Gesunde Ernährung braucht kein Studium der Ernährungswissenschaften

Das Grundprinzip ist einfach und hat ja fast jede*r schon gehört: Obst, Gemüse, Hülsenfrüchte, Nüsse, Vollkornprodukte und hochwertige Fette. Je unverarbeiteter, umso gesünder sind die Lebensmittel. Wasser trinken in ausreichendem Maß haben wir an dieser Stelle bereits erklärt. Und das war’s schon? Natürlich geht’s immer noch besser, immer noch ausgeprägter in dem du Lebensmittel selbst fermentierst etc… Aber wie gesagt, nur keine Wissenschaft daraus machen und die Kirche im Dorf lassen. Das Leben ist ohnehin kompliziert genug – mach’s dir einfach und halte dich fürs Erste an die Grundregeln, dann bist du bereits vorn dabei.

Sirtfood ist die Bezeichnung für Lebensmittel, welche die Aktivität der sogenannten Sirtuine ankurbeln – Enzyme, die in unserem Körper unter anderem den Stoffwechsel, Entzündungsprozesse sowie verschiedene Faktoren der Alterung beeinflussen. „Dazu zählen etwa Olivenöl, Kurkuma, Chili, Walnüsse, Knoblauch, Äpfel, Rotwein oder dunkle Schokolade

Spermidin ist eine körpereigene Substanz, die in allen Zellen vorkommt, aber auch durch Lebensmittel zugeführt werden kann. Spermidin erhöht die Basisaktivität der Autophagie, der als wichtiger Prozess, die Zellen von innen reinigt. Es findet eine „Entrümpelung der Zellen statt und es werden auch beschädigte Moleküle ausgeschieden – dies kann wiederum dabei helfen, altersbedingte Krankheiten zu verhindern.“ Eine Studie der Universität Innsbruck befundet sogar: Wer sich spermidinreich ernährt, kann um bis zu fünf Jahre(!) länger leben. Spermidin findet sich vor allem in Weizenkeimen, reifem Käse, Pilzen, Birnen, Sojabohnen und anderen Hülsenfrüchten.

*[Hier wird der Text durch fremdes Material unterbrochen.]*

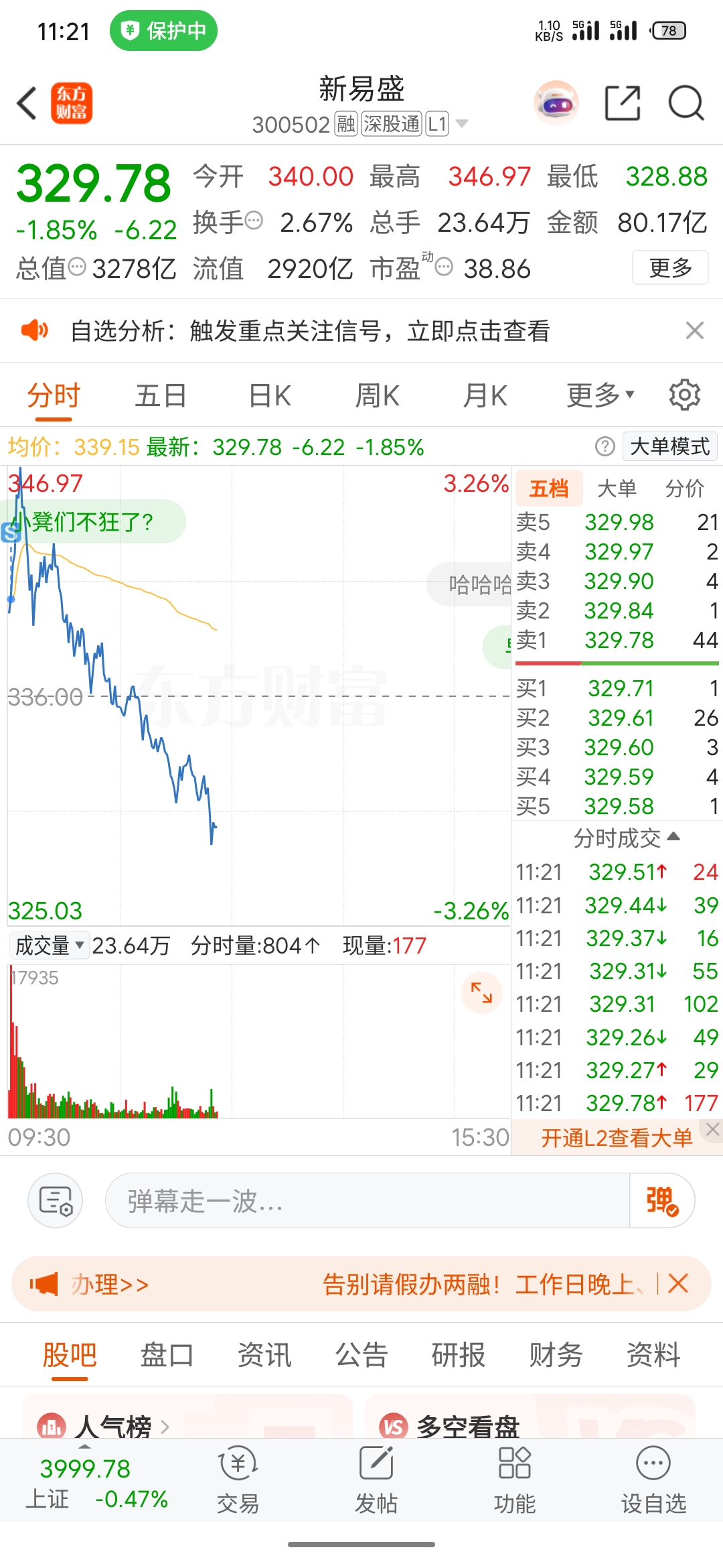 $新易盛(SZ300502)$ 开盘就走以为卖飞了,现在看来真的不能买高位科技股了

Makronährstoffe sind Kohlenhydrate, Fette, Eiweiß und liefern Energie für Körperfunktionen. Sie unterstützen Wachstum und Reparatur von Gewebe und sind essentiell für viele Stoffwechselprozesse. Entscheidend für die Langlebigkeit ist dabei allerdings die Qualität und Herkunft: Unverarbeitete Lebensmittel wie Vollkornprodukte d.h.: unraffiniertes Getreide, Gemüse als pflanzliche Eiweißquelle, Bio-Nüsse und native reine Pflanzenöle werden in der der Longevity-Forschung besonders hoch eingestuft. Stark verarbeitete Lebensmittel wie Wurstwaren, Fertiggerichte und Zuckerhaltiges sollten hingegen vermieden werden.

Antioxidantien: sind entzündungshemmende Lebensmittel: Eine entzündungshemmende Ernährung kann das Risiko für altersbedingte chronische Erkrankungen wie Herz-Kreislauf-Erkrankungen, Diabetes und Krebs senken. Beeren, fetter Fisch, Brokkoli, Avocados, grüner Tee und Paprika sind besonders reich an Antioxidantien und entzündungshemmenden Substanzen.

Übrigens: Wer länger lebt, hat auch länger Zeit, großartige Mahlzeiten zu essen!